When we plug the adapter directly into the C5 interface, it works properly and we get the following:

[   15.396601] mlx5_core 0005:01:00.0: Adding to iommu group 11

[   15.407985] mlx5_core 0005:01:00.0: enabling device (0000 -> 0002)

[   15.418527] mlx5_core 0005:01:00.0: firmware version: 28.39.1002
[   15.418588] mlx5_core 0005:01:00.0: 126.024 Gb/s available PCIe bandwidth, limited by 16.0 GT/s PCIe x8 link at 0005:00:00.0 (capable of 504.112 Gb/s with 32.0 GT/s PCIe x16 link)

[   15.434980] mlx5_core 0005:01:00.0: handle_hca_cap:528:(pid 380): log_max_qp value in current profile is 18, changing it to HCA capability limit (17)

[   15.800516] mlx5_core 0005:01:00.0: Rate limit: 127 rates are supported, range: 0Mbps to 195312Mbps
[   15.800524] mlx5_core 0005:01:00.0: E-Switch: Total vports 18, per vport: max uc(128) max mc(2048)

[   15.820062] mlx5_core 0005:01:00.1: Adding to iommu group 11
[   15.820605] mlx5_core 0005:01:00.1: enabling device (0000 -> 0002)
[   15.820888] mlx5_core 0005:01:00.1: firmware version: 28.39.1002
[   15.820982] mlx5_core 0005:01:00.1: 126.024 Gb/s available PCIe bandwidth, limited by 16.0 GT/s PCIe x8 link at 0005:00:00.0 (capable of 504.112 Gb/s with 32.0 GT/s PCIe x16 link)
[   15.821403] mlx5_core 0005:01:00.0: Port module event: module 0, Cable unplugged
[   15.821615] mlx5_core 0005:01:00.0: mlx5_pcie_event:289:(pid 7): Detected insufficient power on the PCIe slot (27W).

[   16.165004] mlx5_core 0005:01:00.1: Rate limit: 127 rates are supported, range: 0Mbps to 195312Mbps
[   16.165018] mlx5_core 0005:01:00.1: E-Switch: Total vports 18, per vport: max uc(128) max mc(2048)
[   16.183577] mlx5_core 0005:01:00.1: Port module event: module 1, Cable unplugged
[   16.183778] mlx5_core 0005:01:00.1: mlx5_pcie_event:289:(pid 152): Detected insufficient power on the PCIe slot (27W).
[   16.184013] mlx5_core 0005:01:00.0: MLX5E: StrdRq(1) RqSz(8) StrdSz(2048) RxCqeCmprss(0)
[   16.316866] mlx5_core 0005:01:00.0: Supported tc offload range - chains: 4294967294, prios: 4294967295
[   16.321297] mlx5_core 0005:01:00.1: MLX5E: StrdRq(1) RqSz(8) StrdSz(2048) RxCqeCmprss(0)
[   16.438954] mlx5_core 0005:01:00.1: Supported tc offload range - chains: 4294967294, prios: 4294967295

The last variable we have seen is if we hold off powering up the ConnectX7 until after the UEFI bootloader completes (only power on when we see the first log our of the Linux kernel display but prior to pcieport driver setup), everything works fine in our setup and the firmware initializes.

This has lead us to believe that since reset and power are separated between the 2 entities (CX7 and orin), there must be some issue with the CX7 being re-initialized without a hard reset applied.

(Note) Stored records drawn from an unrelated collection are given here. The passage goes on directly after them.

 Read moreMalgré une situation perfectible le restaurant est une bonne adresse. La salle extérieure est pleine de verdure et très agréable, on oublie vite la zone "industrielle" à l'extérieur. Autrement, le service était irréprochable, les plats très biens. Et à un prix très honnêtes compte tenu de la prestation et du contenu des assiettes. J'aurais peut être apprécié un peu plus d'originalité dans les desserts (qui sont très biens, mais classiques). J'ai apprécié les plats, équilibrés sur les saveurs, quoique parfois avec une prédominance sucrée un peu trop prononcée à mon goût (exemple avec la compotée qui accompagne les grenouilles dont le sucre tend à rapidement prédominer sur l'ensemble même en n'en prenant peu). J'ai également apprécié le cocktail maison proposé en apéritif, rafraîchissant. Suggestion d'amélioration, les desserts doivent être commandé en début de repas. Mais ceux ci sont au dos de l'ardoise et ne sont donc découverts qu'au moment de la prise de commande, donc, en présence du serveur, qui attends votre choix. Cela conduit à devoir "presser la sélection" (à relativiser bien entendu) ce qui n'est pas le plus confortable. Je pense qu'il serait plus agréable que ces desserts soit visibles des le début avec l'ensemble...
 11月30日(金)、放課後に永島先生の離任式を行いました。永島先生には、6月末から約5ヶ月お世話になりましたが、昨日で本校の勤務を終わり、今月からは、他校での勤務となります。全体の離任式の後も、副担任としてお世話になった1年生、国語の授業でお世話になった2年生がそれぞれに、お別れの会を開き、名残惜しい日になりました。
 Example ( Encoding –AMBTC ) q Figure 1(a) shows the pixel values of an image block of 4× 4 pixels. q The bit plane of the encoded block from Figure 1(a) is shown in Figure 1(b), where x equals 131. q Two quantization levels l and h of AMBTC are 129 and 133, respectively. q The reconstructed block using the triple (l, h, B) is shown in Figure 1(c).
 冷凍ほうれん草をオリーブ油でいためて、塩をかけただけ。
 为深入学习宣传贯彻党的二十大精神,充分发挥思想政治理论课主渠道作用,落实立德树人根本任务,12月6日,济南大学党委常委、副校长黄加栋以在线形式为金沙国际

IE it negotiaties PCIe at UEFI layer but gets confused when it gets reinitialized again at firmware layer.

We have tried doing /sys/ bus rescan and reset of the CX7 and same firmware issue shows (we assume because full reset is required not just PCIe reset).

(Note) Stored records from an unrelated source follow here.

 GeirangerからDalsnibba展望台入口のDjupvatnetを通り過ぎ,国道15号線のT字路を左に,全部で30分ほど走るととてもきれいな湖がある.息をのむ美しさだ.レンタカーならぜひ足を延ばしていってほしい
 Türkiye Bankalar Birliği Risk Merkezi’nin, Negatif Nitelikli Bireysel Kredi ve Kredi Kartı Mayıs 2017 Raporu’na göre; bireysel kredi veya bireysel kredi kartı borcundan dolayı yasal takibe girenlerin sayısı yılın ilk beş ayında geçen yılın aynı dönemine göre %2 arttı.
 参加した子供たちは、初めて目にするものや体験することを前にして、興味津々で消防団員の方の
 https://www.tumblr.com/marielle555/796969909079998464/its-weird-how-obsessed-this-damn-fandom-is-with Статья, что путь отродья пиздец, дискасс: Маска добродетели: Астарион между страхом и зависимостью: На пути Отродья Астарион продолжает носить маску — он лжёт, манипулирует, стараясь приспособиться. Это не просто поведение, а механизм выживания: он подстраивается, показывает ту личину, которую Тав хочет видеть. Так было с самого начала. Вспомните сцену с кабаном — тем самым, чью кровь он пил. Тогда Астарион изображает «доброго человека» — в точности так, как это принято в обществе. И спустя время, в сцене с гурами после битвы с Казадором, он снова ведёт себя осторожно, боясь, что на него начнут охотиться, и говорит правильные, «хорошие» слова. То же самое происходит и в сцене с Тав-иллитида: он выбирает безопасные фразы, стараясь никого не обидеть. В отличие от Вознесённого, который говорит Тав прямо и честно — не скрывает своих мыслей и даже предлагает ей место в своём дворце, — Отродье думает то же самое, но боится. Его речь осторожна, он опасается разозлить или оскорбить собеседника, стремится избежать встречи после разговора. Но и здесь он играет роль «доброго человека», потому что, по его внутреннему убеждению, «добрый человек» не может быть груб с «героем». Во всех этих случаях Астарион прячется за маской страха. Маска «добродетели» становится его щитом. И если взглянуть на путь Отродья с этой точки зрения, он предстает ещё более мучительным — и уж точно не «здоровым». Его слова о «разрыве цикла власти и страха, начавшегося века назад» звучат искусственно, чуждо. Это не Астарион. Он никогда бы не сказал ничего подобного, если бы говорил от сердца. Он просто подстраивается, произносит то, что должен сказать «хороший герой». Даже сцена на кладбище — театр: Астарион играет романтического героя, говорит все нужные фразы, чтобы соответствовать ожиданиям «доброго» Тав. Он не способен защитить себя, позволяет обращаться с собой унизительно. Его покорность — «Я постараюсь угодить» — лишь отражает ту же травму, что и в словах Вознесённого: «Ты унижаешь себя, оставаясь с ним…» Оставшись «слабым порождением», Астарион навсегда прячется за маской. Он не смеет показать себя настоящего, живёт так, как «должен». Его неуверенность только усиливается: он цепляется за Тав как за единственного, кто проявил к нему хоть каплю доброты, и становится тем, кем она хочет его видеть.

Again this works fine with an x86 node. Our goal was to take this existing infrastructure and vet use with Orin AGX.

Any advice would help. We have reached out to the Mellanox team but they advised posting to the Jetson forums in parallel.

Sorry for the late response.
Is this still an issue to support? Any result can be shared?